China's total debt ratio is at a medium level among the world's major economies, said Sun Xuegong, deputy head of the National Development and Reform Commission's (NDRC) department of finance, at a briefing.
The leverage ratio of China's non-financial sectors and total debt ratio remain between 200 percent and 300 percent, Sun said citing the Bank for International Settlements and the Chinese Academy of Social Sciences.
"It is a fact that China's debt load has been expanding relatively fast in recent years, and the leverage ratio of non-financial companies is particularly high," said Sun, describing the phenomenon as "growing pains" caused by the country's specific development stage.
While acknowledging the high debt level has had a bad effect on businesses and the financial sector, raising companies' financial cost and the risks of debt default, Sun said the risks are generally controllable, but future risk cannot be neglected.
At the briefing, an official with the Ministry of Finance (MOF) disclosed China's government debt levels.
By the end of 2015, government debt stood at 26.66 trillion yuan (about 4 trillion U.S. dollars), accounting for 39.4 percent of GDP, said Wang Kebing, deputy head of the MOF budget department, at the briefing.
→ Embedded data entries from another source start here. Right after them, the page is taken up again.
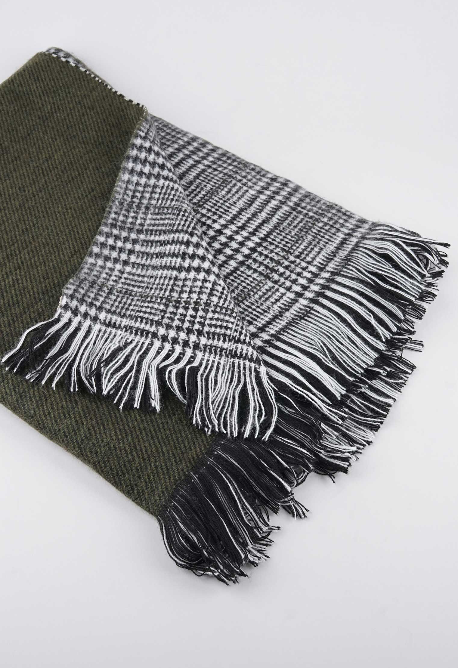 Стильный палантин изготовлен из утеплённой ткани, в составе которой натуральная шерсть и нити вискозы. Изделие декорировано классической чёрно-белой клеткой и бахромой. Модель удобно носить как в качестве шарфа, так и головного убора. Современный дизайн удачно сочетается с модными нарядами в повседневном стиле и останется актуальным не один сезон.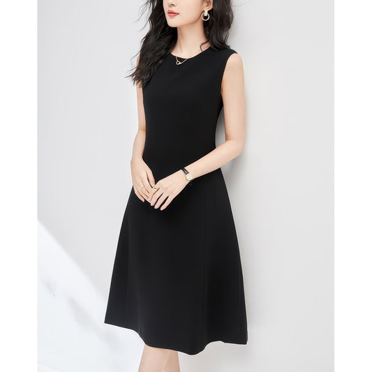 • Sleeveless Minimal Silhouette Black Midi Dress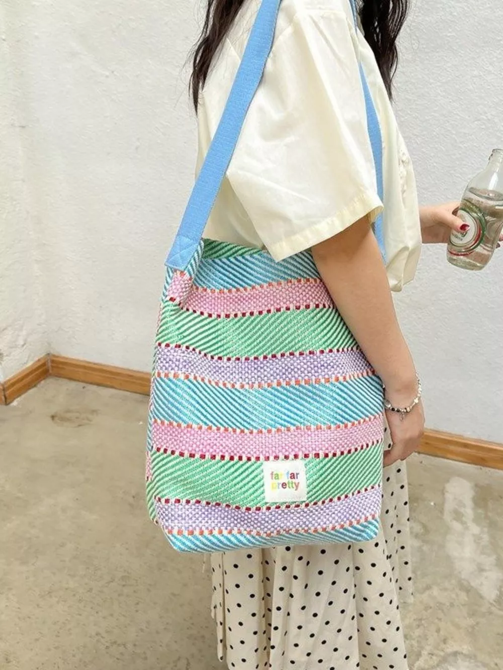 Striped Woven Shoulder Bag with Adjustable Strap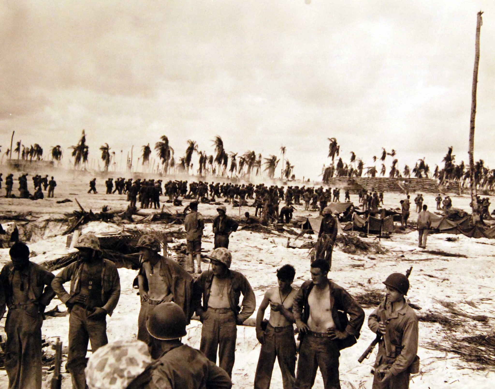 Bataille de Tarawa – Les Marines fatigués se préparent à évacuer vers les transports en attente.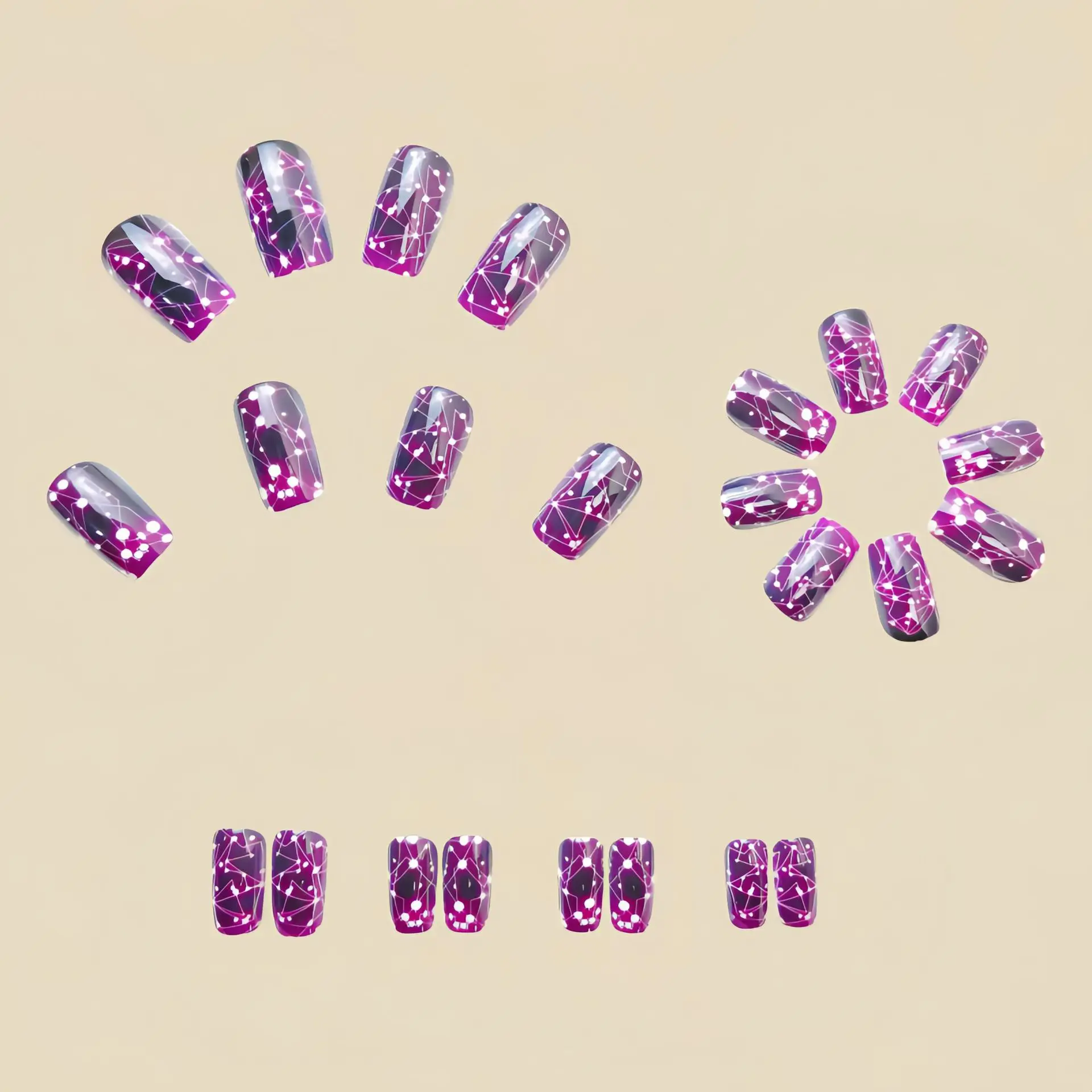 24pcs Romantic Sky Press on Nail Pink Purple Gradient Starry Sky False Nails Wearable European Square Head Fake Nails for Women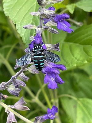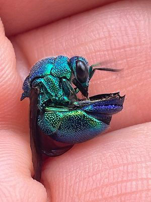 他には、ハナバチではないですがドロバチに労働寄生するオオセイボウ、リンネセイボウなどは毎年沢山確認しています。こちらもとても綺麗なハチです。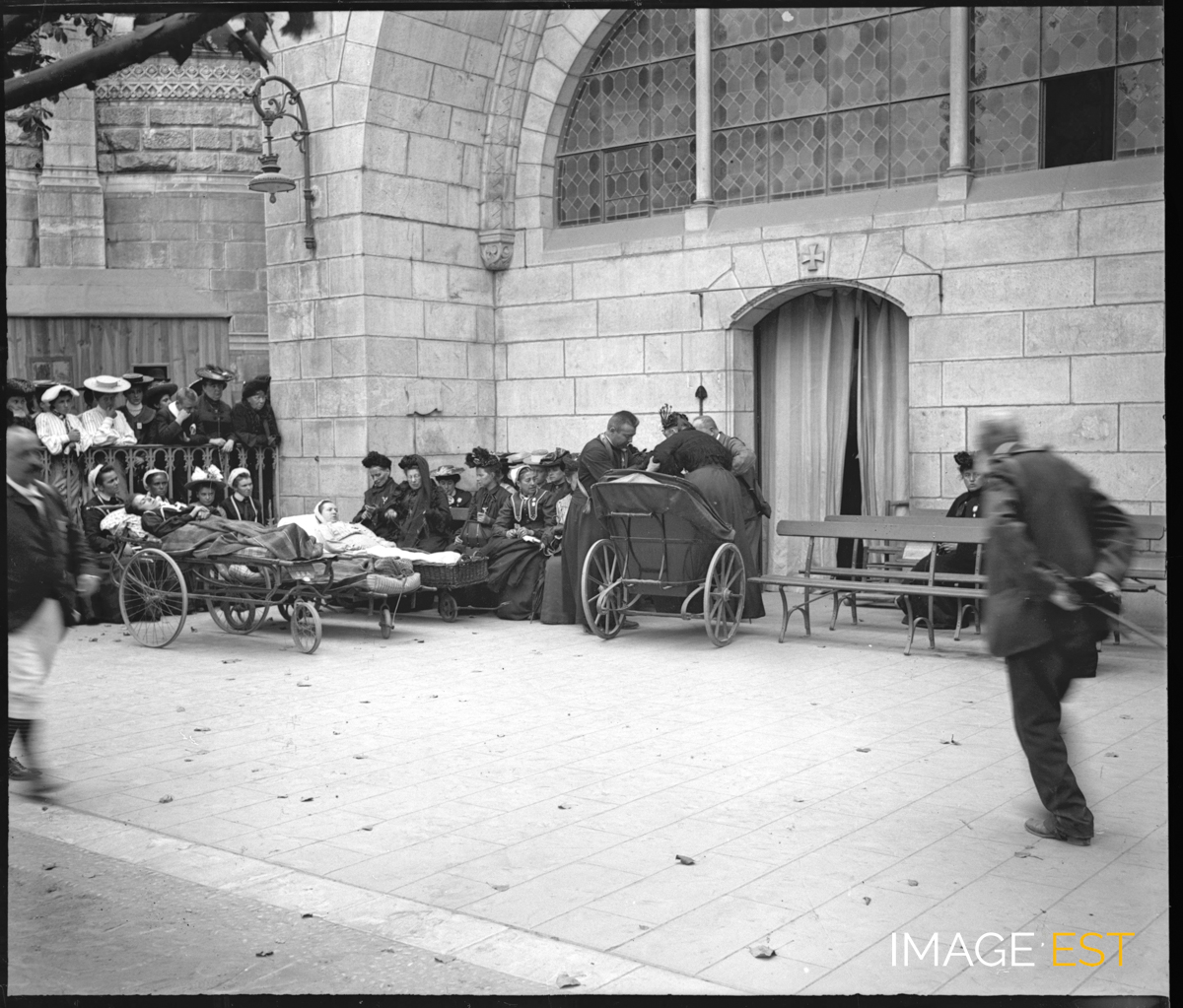 Malades sur des brancards et fauteuils roulants attendant pour les bains publics féminins lors d'un pèlerinnage à Lourdes (Hautes-Pyrénées).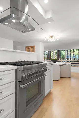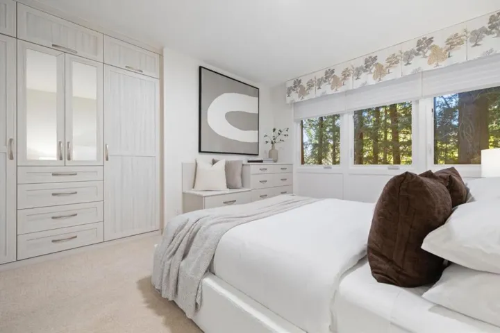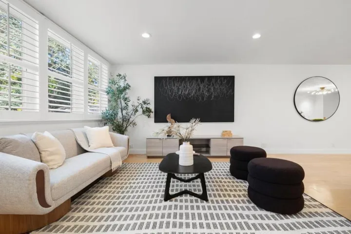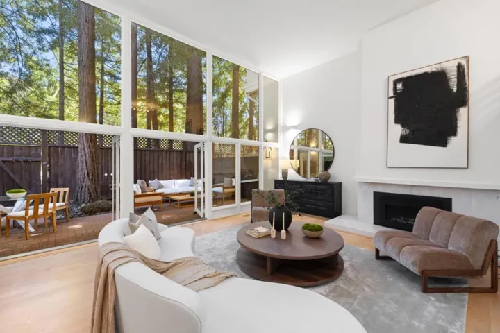 Modern sophistication meets natural serenity in this special enclave in Menlo Park. The open-concept main floor features a renovated kitchen equipped with Sub-Zero, Thermador, and Bosch appliances, flowing seamlessly into the family room and dining areas offering a wonderful flow.The dining area, features custom built-ins and a wine fridge, as well as offering a stunning and unique birds-nest perspective over the formal living room below. This dramatic, double-height living space is anchored by a floor-to-ceiling glass wall, providing a quiet and immersive view of the redwood-studded patio. The private quarters are equally refined, featuring a primary suite with a dedicated balcony and a beautifully updated ensuite bathroom with soaking tub. Two additional bedrooms share a hallway bath with a dual-sink vanity and stone counters. Recent owner upgrades include double-pane windows for sound and climate control, light hardwood floors, and custom California Closets throughout. This home includes a 220V EV-ready garage and a professional Culligan water system. Located blocks from the newly developed Springline, Santa Cruz Avenue dining, and Menlo Park Caltrain. Served by acclaimed Menlo Park schools.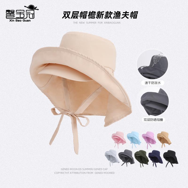Summer Outdoor Sunscreen Hat Double-layer Large Brim Quick-drying Waterproof Bucket Hat Shawl Ponytail Sun Hat Children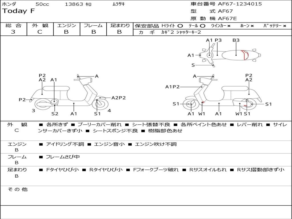 | Номер рамы / VIN | AF67-1234015 |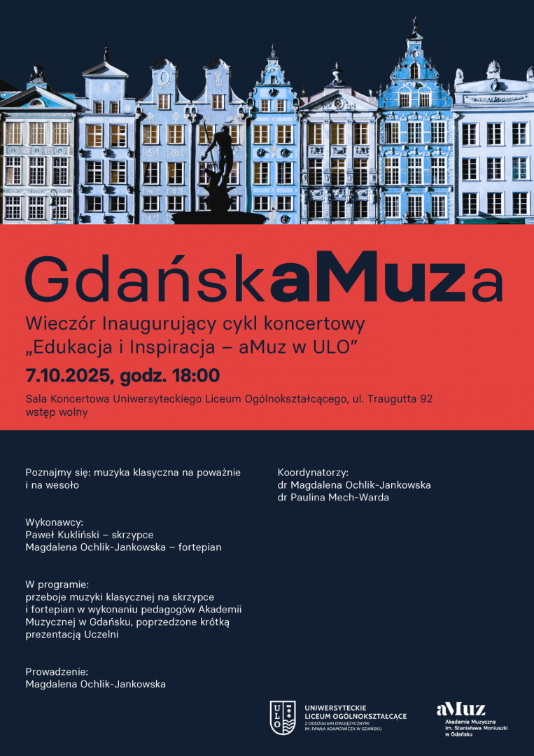 Zapraszamy na pierwszy koncert nowego cyklu wydarzeń artystyczno-edukacyjnych, realizowanych przez Akademię Muzyczną w Gdańsku w nowoczesnej sali koncertowej Uniwersyteckiego Liceum Ogólnokształcącego z Oddziałami Dwujęzycznymi im. Pawła Adamowicza w Gdańsku – szkoły, której aMuz jest dumnym patronem. Program cyklu będzie łączyć edukację z artyzmem, stając się okazją zarówno do muzycznej refleksji, jak i poznania tajników wykonawstwa „od kuchni”.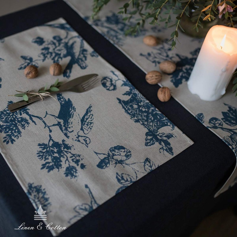 - Linen & Cotton Water and Stain Resistant Table Mats FIORE Ideal for Indoor and Outdoor Use

When outstanding debt of local government finance platforms is included, the ratio reached 41.5 percent of GDP, Wang said.
This is lower than the 60-percent warning line set by the European Union and much lower than major developed economies and emerging economies, Wang said.
This means, on the whole, there is still some room for the Chinese government to borrow, Wang added.
On bad loans, Sun said, given the ample provision and sound balance sheets of commercial banks, corporate debt risks will not to shake the stability of the financial system, the banking system in particular.